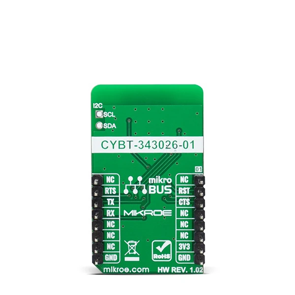 The BT-EZ Click is a Click board™ which provide BLE connectivity for any embedded application. BT-EZ Click based on the CYBT-343026-01 module, from Infineon. This Click board™ is a fully integrated bluetooth low energy module, mentioned for easy integration into various electronic devices. Given its features, this Click can be used for health, sports, and wellness devices as well as Industrial, home, and building automation; and smart phone, tablet, and PC accessories.
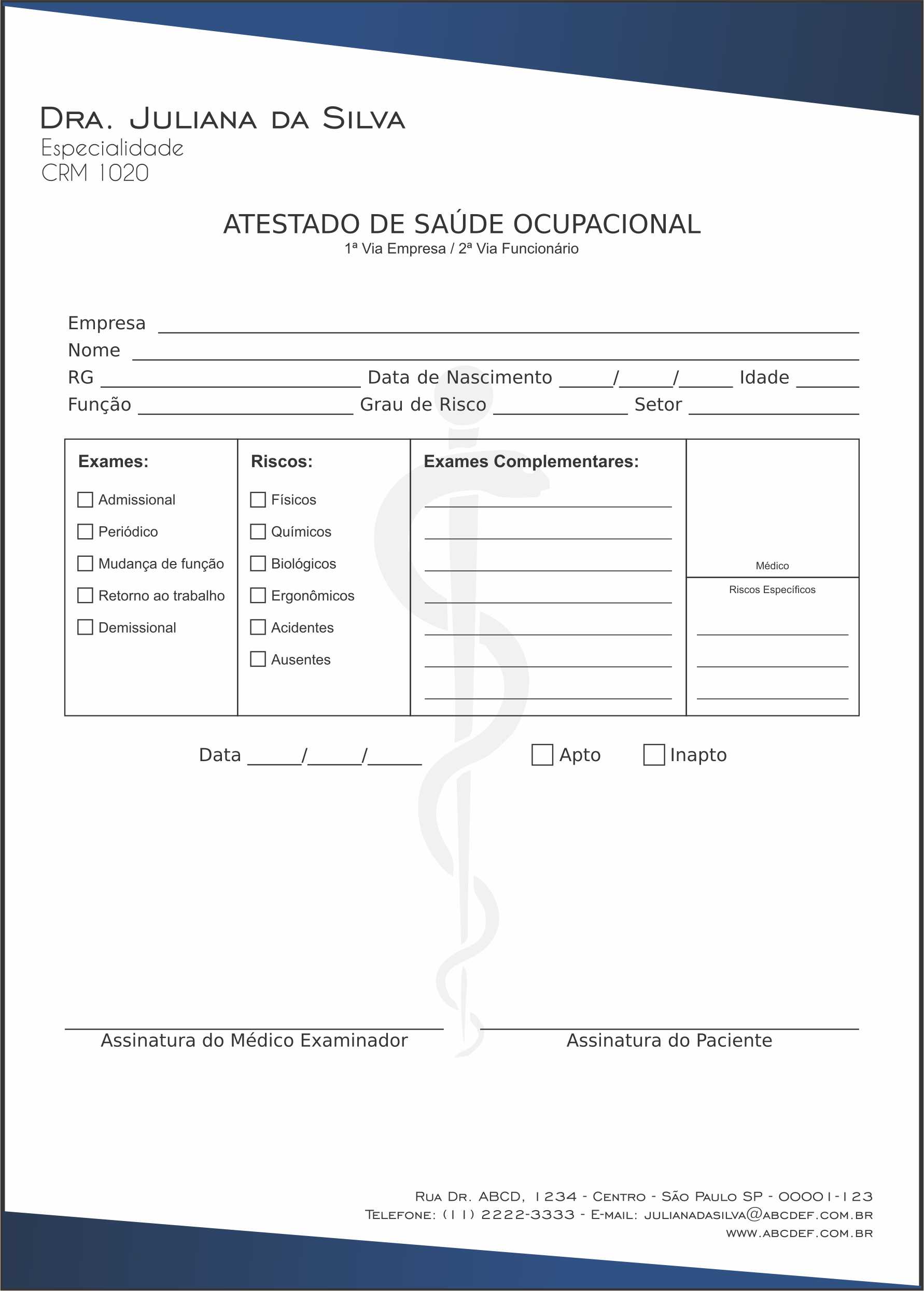 Bloco de ASO (Atestado de Saúde Ocupacional) em papel Autocopiativo com 50 folhas (25 atestados com 2vias);
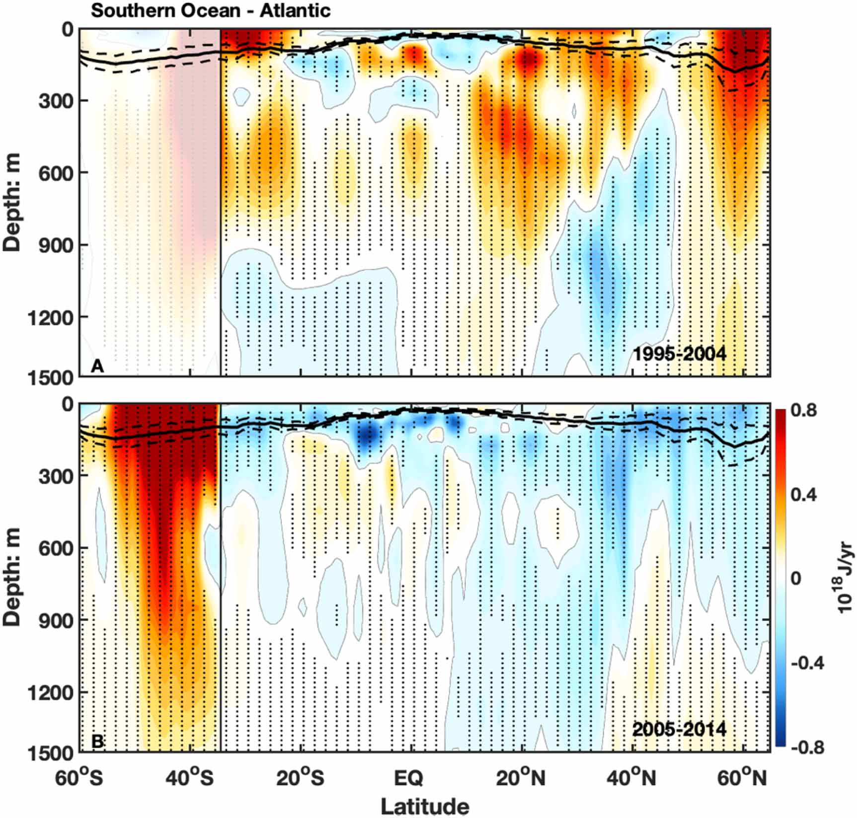Subsurface meridional cross-section of the zonally averaged OHC linear trends in the Atlantic and the Southern Ocean are shown in figure 4, for the period when AMOC was increasing (4A) and when it was declining (4B). Note that linear trends show rate of change, and not the anomaly. This figure is similar to figure 4 in Chen and Tung, except zonal integral instead of zonal average is used here, and the mixed layer depth is superimposed. Adding up zonal integrals gives directly the contribution to the total OHC, already taking into account the different zonal widths of the Atlantic basin at each latitude.
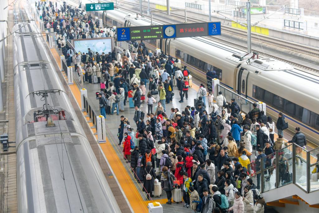 3日、河南省・洛陽竜門駅のホームで、乗車を待つ乗客ら。(洛陽=新華社配信/張怡熙)
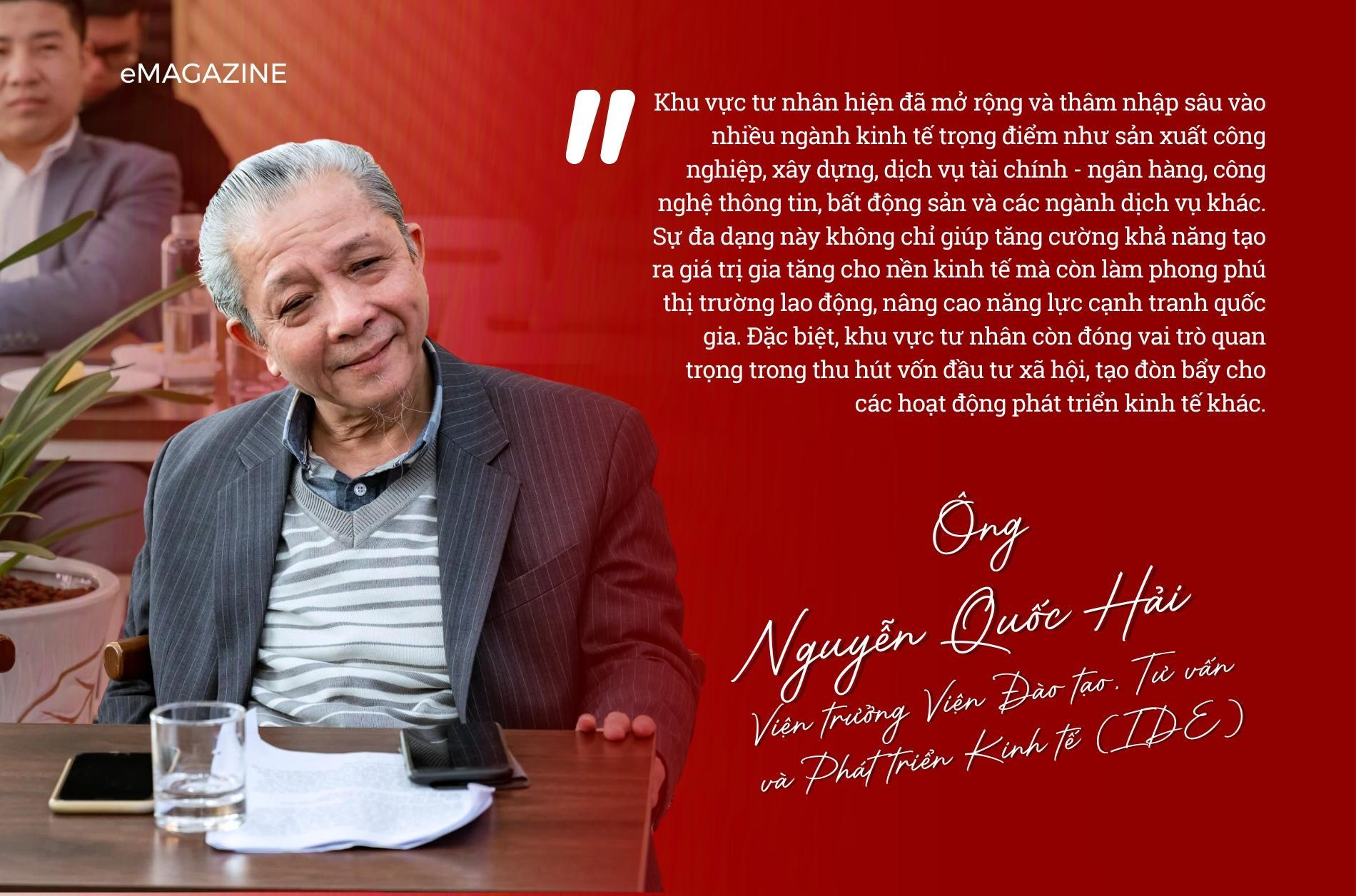 Trong bối cảnh nền kinh tế Việt Nam đang chuyển mình mạnh mẽ với sự tham gia ngày càng sâu rộng của khu vực tư nhân, ông Nguyễn Quốc Hải – Viện trưởng Viện Đào tạo, Tư vấn và Phát triển Kinh tế chia sẻ: "Khu vực tư nhân hiện đã mở rộng và thâm nhập sâu vào nhiều ngành kinh tế trọng điểm như sản xuất công nghiệp, xây dựng, dịch vụ tài chính – ngân hàng, công nghệ thông tin, bất động sản và các ngành dịch vụ khác. Sự đa dạng này không chỉ giúp tăng cường khả năng tạo ra giá trị gia tăng cho nền kinh tế mà còn làm phong phú thị trường lao động, nâng cao năng lực cạnh tranh quốc gia. Đặc biệt, khu vực tư nhân còn đóng vai trò quan trọng trong thu hút vốn đầu tư xã hội, tạo đòn bẩy cho các hoạt động phát triển kinh tế khác".
● ● ● ● ●
Could you print the data exactly as it appears and keep the pictures out?

 The BT-EZ Click is a Click board™ which provide BLE connectivity for any embedded application. BT-EZ Click based on the CYBT-343026-01 module, from Infineon. This Click board™ is a fully integrated bluetooth low energy module, mentioned for easy integration into various electronic devices. Given its features, this Click can be used for health, sports, and wellness devices as well as Industrial, home, and building automation; and smart phone, tablet, and PC accessories.
 Bloco de ASO (Atestado de Saúde Ocupacional) em papel Autocopiativo com 50 folhas (25 atestados com 2vias);
Subsurface meridional cross-section of the zonally averaged OHC linear trends in the Atlantic and the Southern Ocean are shown in figure 4, for the period when AMOC was increasing (4A) and when it was declining (4B). Note that linear trends show rate of change, and not the anomaly. This figure is similar to figure 4 in Chen and Tung, except zonal integral instead of zonal average is used here, and the mixed layer depth is superimposed. Adding up zonal integrals gives directly the contribution to the total OHC, already taking into account the different zonal widths of the Atlantic basin at each latitude.
 3日、河南省・洛陽竜門駅のホームで、乗車を待つ乗客ら。(洛陽=新華社配信/張怡熙)
 Trong bối cảnh nền kinh tế Việt Nam đang chuyển mình mạnh mẽ với sự tham gia ngày càng sâu rộng của khu vực tư nhân, ông Nguyễn Quốc Hải – Viện trưởng Viện Đào tạo, Tư vấn và Phát triển Kinh tế chia sẻ: "Khu vực tư nhân hiện đã mở rộng và thâm nhập sâu vào nhiều ngành kinh tế trọng điểm như sản xuất công nghiệp, xây dựng, dịch vụ tài chính – ngân hàng, công nghệ thông tin, bất động sản và các ngành dịch vụ khác. Sự đa dạng này không chỉ giúp tăng cường khả năng tạo ra giá trị gia tăng cho nền kinh tế mà còn làm phong phú thị trường lao động, nâng cao năng lực cạnh tranh quốc gia. Đặc biệt, khu vực tư nhân còn đóng vai trò quan trọng trong thu hút vốn đầu tư xã hội, tạo đòn bẩy cho các hoạt động phát triển kinh tế khác".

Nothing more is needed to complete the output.